These are 'drop-down' boxes which give options. 
Take the option for 'EEA or Swiss National' 
- then the next option gives possibility of the Permit application.

I went no further tonight - but hopefully this is it!


QUESTION: in people's experience - how long does the process take from first completing online? (We are in France... near Paris).

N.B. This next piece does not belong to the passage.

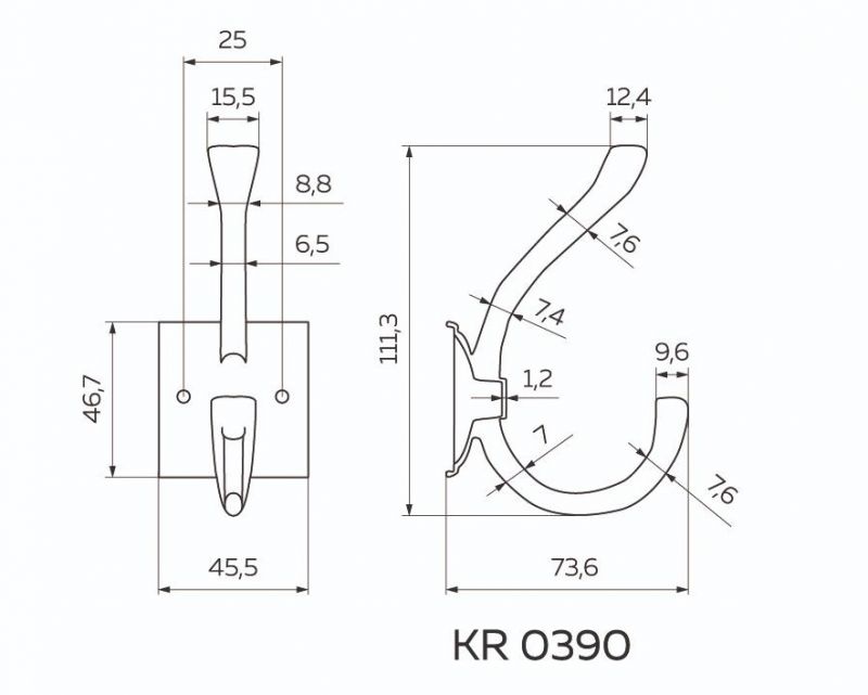 Чертёж - Крючок 2х-рожковый мебельный античная бронза KR-0390-AB.

Thank you - and Good Luck!

Hoping you are successful - and that my wife will be as she continues after I left off!


----------



## eleanore.sauls (Jan 3, 2013)

I applied on the 4th January and received my permit today . They told me it will take 15 working days.


----------



## lessenich (Sep 28, 2012)

eleanore.sauls said:


> I applied on the 4th January and received my permit today . They told me it will take 15 working days.


Congratulation!!!!!!!


----------



## miryferny (Jan 22, 2013)

Hi Elenore can you give me a list of req documents and other stuff that they asked to obtain the EEA FP? ) Because in 1 month I should apply for it too..and I ve no idea about how much money should I hv on my and my hubs acc and the documents that i should give them...
Thank you in advance


----------



## eleanore.sauls (Jan 3, 2013)

Hi

Your original Marriage Certificate with copies, photo's of you and your husband to proof your relationship, printed emails or letters or postcard as proof of communication with each other. (I only had the Marriage Certificate and photo's)
Your original Passports and ID's with copies with 2 x copies of each.
Proof of 750 pounds p/person per year, like bank statement.
2 x passport photo's of the Non-EEA national.
The printed out online application you have completed and signed and i had to make my Embassy appointment online.
They say it help to write a Introduction letter of your relationship of how and when you met and details of your relationship. If your search Introduction letter on this forum you will find an example of one, but i did not include one in my application, but it is up to you.

Good Luck!!!


----------



## Pablito81 (Jan 21, 2013)

miryferny said:


> Hi Elenore can you give me a list of req documents and other stuff that they asked to obtain the EEA FP? ) Because in 1 month I should apply for it too..and I ve no idea about how much money should I hv on my and my hubs acc and the documents that i should give them...
> Thank you in advance


I would not give any evidence of financials, it is not required by law, neither your plans or accommodation details.Know your rights. EEA commission prohibits systematic checks on marriage whether its one of convenience.


----------



## lessenich (Sep 28, 2012)

eleanore.sauls said:


> Hi
> 
> Your original Marriage Certificate with copies, photo's of you and your husband to proof your relationship, printed emails or letters or postcard as proof of communication with each other. (I only had the Marriage Certificate and photo's)
> Your original Passports and ID's with copies with 2 x copies of each.
> ...


What fo you mean 770 pound per person for one year there is no financial cape on EEA Application.


----------



## Jrge (Mar 22, 2011)

Hi,



eleanore.sauls said:


> Hi
> 
> Your original Marriage Certificate with copies, photo's of you and your husband to proof your relationship, printed emails or letters or postcard as proof of communication with each other. (I only had the Marriage Certificate and photo's)
> Your original Passports and ID's with copies with 2 x copies of each.
> ...


You obtained the EEA-Family Permit only because you proved to be married, hence the marriage certificate, you included the copy of your husband's passport, his cover/introduction letter and your pictures. Anything else outside the above list, inclusive of copies, was irrelevant.

Animo
(Cheers)


----------



## miryferny (Jan 22, 2013)

eleanore.sauls said:


> Hi
> 
> Your original Marriage Certificate with copies, photo's of you and your husband to proof your relationship, printed emails or letters or postcard as proof of communication with each other. (I only had the Marriage Certificate and photo's)
> Your original Passports and ID's with copies with 2 x copies of each.
> ...


Thanks a lot!! I was afraid to do the application bcoz my husband has only 2 payslips for now...We hv been married for 1 year now..I also hv 5 year italian resident card as well...so I hope this is going to be enough to satisfie the COD


----------